● **What this task involves**
In the listing below, the lines starting at the line with "Auf der IAA" and ending at the line with "Спикер Госдумы РФ" are to be output verbatim. Images stay out of the copy.

● **Source records**
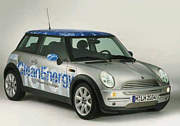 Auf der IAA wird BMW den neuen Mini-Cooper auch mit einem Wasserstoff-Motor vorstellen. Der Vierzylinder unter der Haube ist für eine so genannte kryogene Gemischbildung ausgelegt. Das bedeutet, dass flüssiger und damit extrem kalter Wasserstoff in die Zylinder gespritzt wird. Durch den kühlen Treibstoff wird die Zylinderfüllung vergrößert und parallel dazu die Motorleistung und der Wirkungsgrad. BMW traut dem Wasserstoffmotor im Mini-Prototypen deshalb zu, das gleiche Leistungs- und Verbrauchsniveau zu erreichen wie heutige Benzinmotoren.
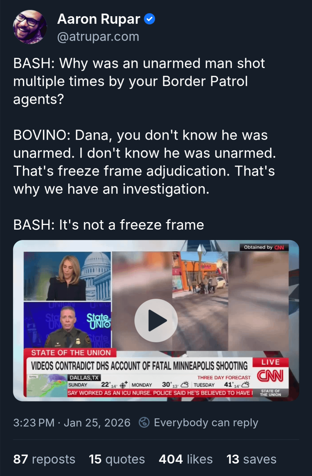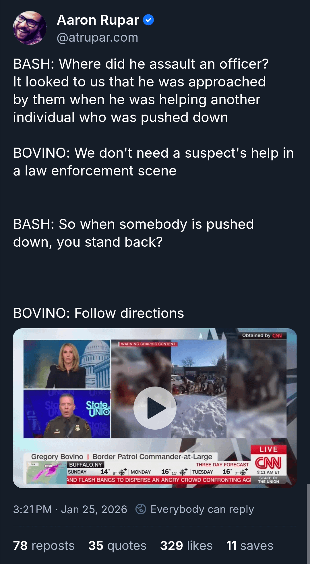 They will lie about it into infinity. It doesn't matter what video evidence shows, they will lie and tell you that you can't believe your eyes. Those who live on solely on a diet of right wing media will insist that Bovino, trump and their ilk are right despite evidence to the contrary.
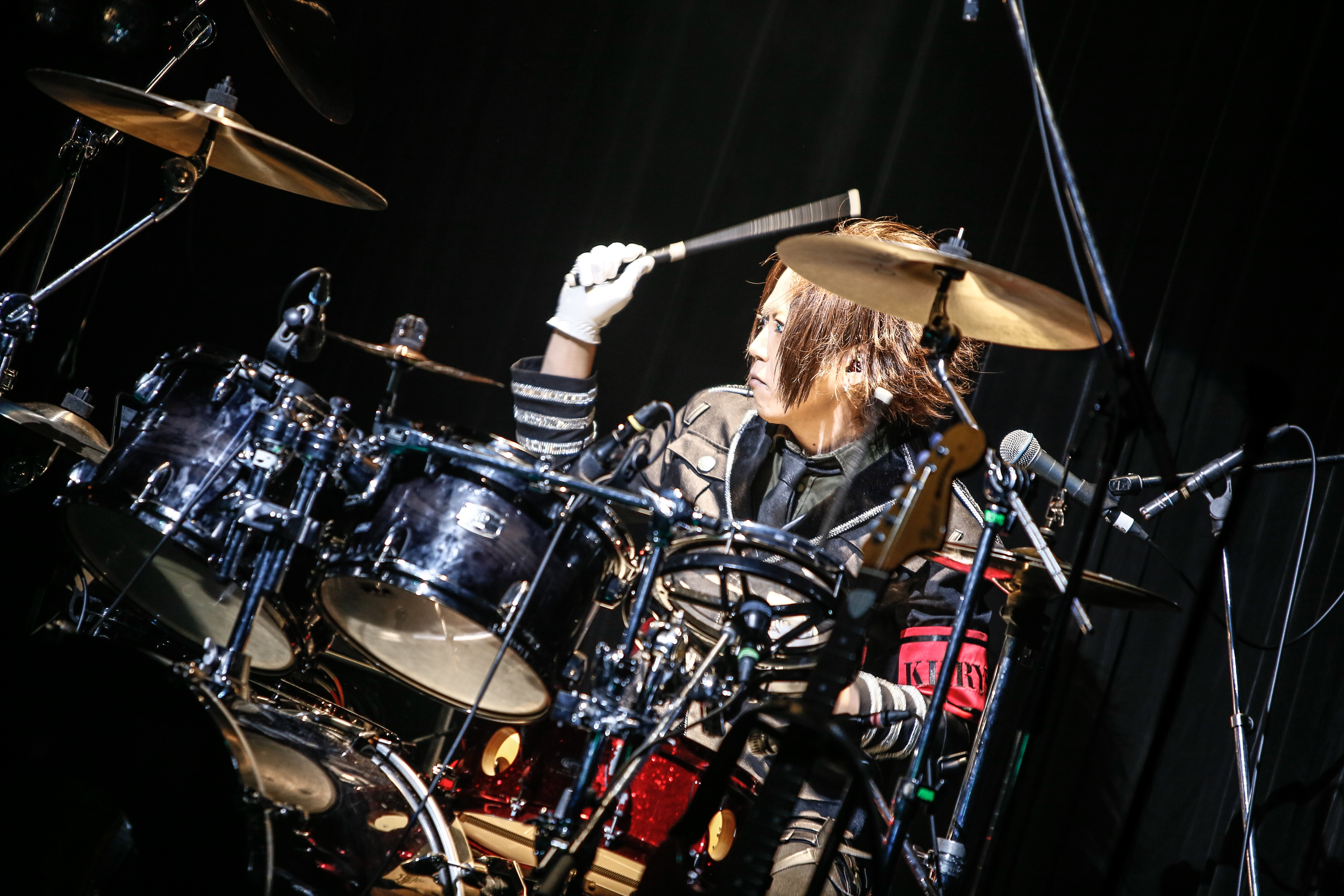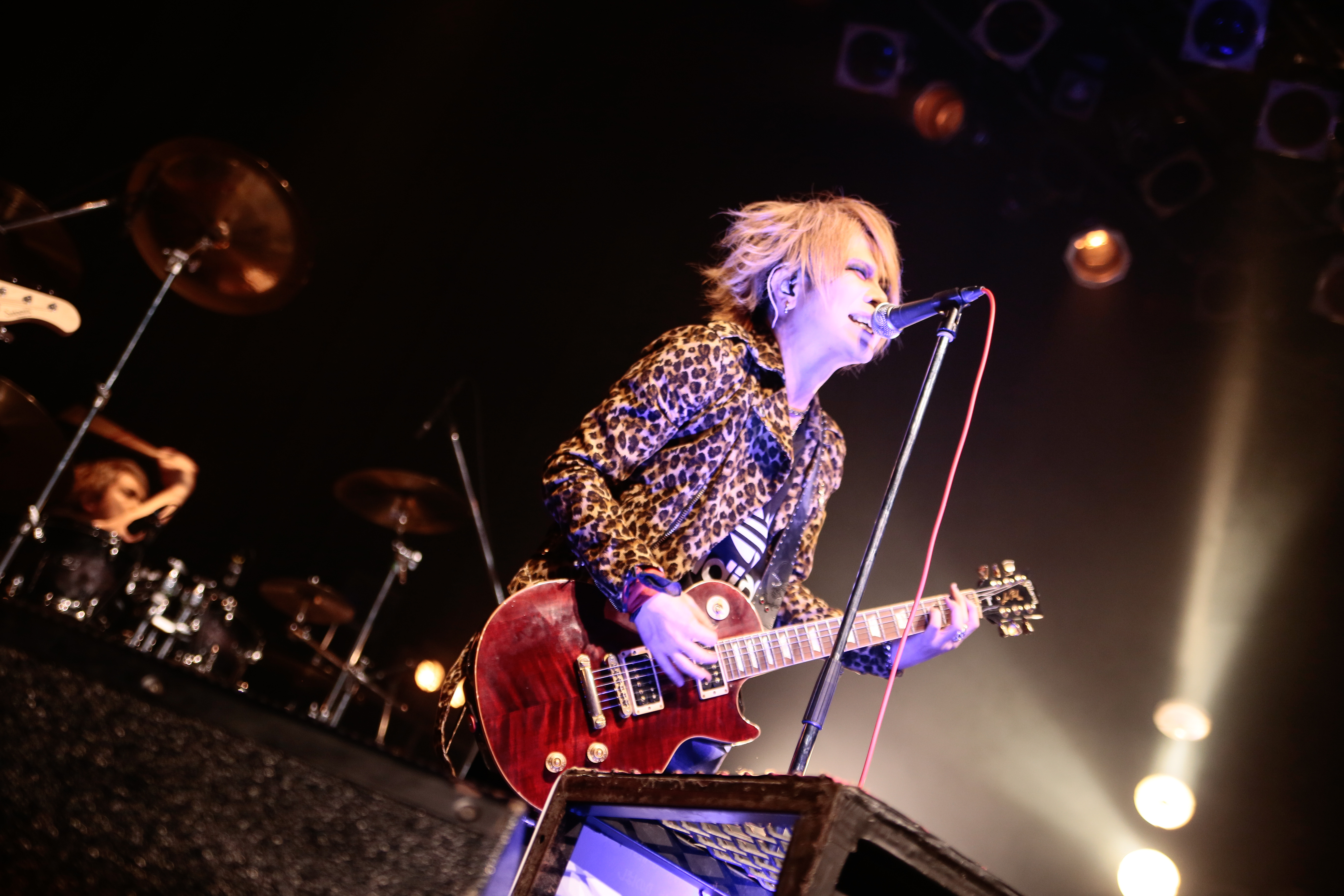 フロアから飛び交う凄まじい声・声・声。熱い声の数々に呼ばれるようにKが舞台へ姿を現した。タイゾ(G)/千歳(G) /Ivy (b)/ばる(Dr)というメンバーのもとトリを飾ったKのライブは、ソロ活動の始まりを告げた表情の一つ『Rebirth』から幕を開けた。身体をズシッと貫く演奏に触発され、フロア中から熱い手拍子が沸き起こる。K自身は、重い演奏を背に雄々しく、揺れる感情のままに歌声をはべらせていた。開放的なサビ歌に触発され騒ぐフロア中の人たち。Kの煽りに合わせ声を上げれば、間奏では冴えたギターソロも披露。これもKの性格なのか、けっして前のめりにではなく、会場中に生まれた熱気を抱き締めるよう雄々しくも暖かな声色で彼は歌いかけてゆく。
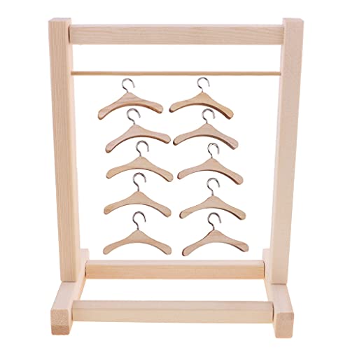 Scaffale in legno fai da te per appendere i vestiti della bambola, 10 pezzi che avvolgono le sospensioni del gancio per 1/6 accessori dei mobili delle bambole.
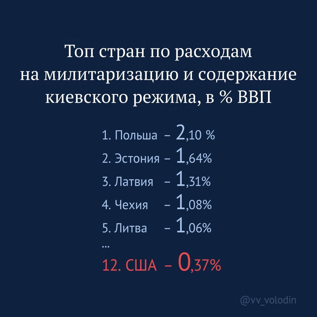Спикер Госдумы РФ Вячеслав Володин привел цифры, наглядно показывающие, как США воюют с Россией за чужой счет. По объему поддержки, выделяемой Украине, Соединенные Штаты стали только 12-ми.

* * *

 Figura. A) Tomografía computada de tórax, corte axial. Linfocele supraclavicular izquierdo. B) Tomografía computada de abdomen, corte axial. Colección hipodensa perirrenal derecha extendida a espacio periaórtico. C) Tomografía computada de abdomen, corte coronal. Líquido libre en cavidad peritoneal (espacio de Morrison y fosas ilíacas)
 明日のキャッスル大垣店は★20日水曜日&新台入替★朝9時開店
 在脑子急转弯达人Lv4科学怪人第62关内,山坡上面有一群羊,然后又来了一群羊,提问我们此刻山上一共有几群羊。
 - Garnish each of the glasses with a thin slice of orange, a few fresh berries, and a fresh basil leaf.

● **Worked solution**
 Auf der IAA wird BMW den neuen Mini-Cooper auch mit einem Wasserstoff-Motor vorstellen. Der Vierzylinder unter der Haube ist für eine so genannte kryogene Gemischbildung ausgelegt. Das bedeutet, dass flüssiger und damit extrem kalter Wasserstoff in die Zylinder gespritzt wird. Durch den kühlen Treibstoff wird die Zylinderfüllung vergrößert und parallel dazu die Motorleistung und der Wirkungsgrad. BMW traut dem Wasserstoffmotor im Mini-Prototypen deshalb zu, das gleiche Leistungs- und Verbrauchsniveau zu erreichen wie heutige Benzinmotoren.
 They will lie about it into infinity. It doesn't matter what video evidence shows, they will lie and tell you that you can't believe your eyes. Those who live on solely on a diet of right wing media will insist that Bovino, trump and their ilk are right despite evidence to the contrary.
 フロアから飛び交う凄まじい声・声・声。熱い声の数々に呼ばれるようにKが舞台へ姿を現した。タイゾ(G)/千歳(G) /Ivy (b)/ばる(Dr)というメンバーのもとトリを飾ったKのライブは、ソロ活動の始まりを告げた表情の一つ『Rebirth』から幕を開けた。身体をズシッと貫く演奏に触発され、フロア中から熱い手拍子が沸き起こる。K自身は、重い演奏を背に雄々しく、揺れる感情のままに歌声をはべらせていた。開放的なサビ歌に触発され騒ぐフロア中の人たち。Kの煽りに合わせ声を上げれば、間奏では冴えたギターソロも披露。これもKの性格なのか、けっして前のめりにではなく、会場中に生まれた熱気を抱き締めるよう雄々しくも暖かな声色で彼は歌いかけてゆく。
 Scaffale in legno fai da te per appendere i vestiti della bambola, 10 pezzi che avvolgono le sospensioni del gancio per 1/6 accessori dei mobili delle bambole.
Спикер Госдумы РФ Вячеслав Володин привел цифры, наглядно показывающие, как США воюют с Россией за чужой счет. По объему поддержки, выделяемой Украине, Соединенные Штаты стали только 12-ми.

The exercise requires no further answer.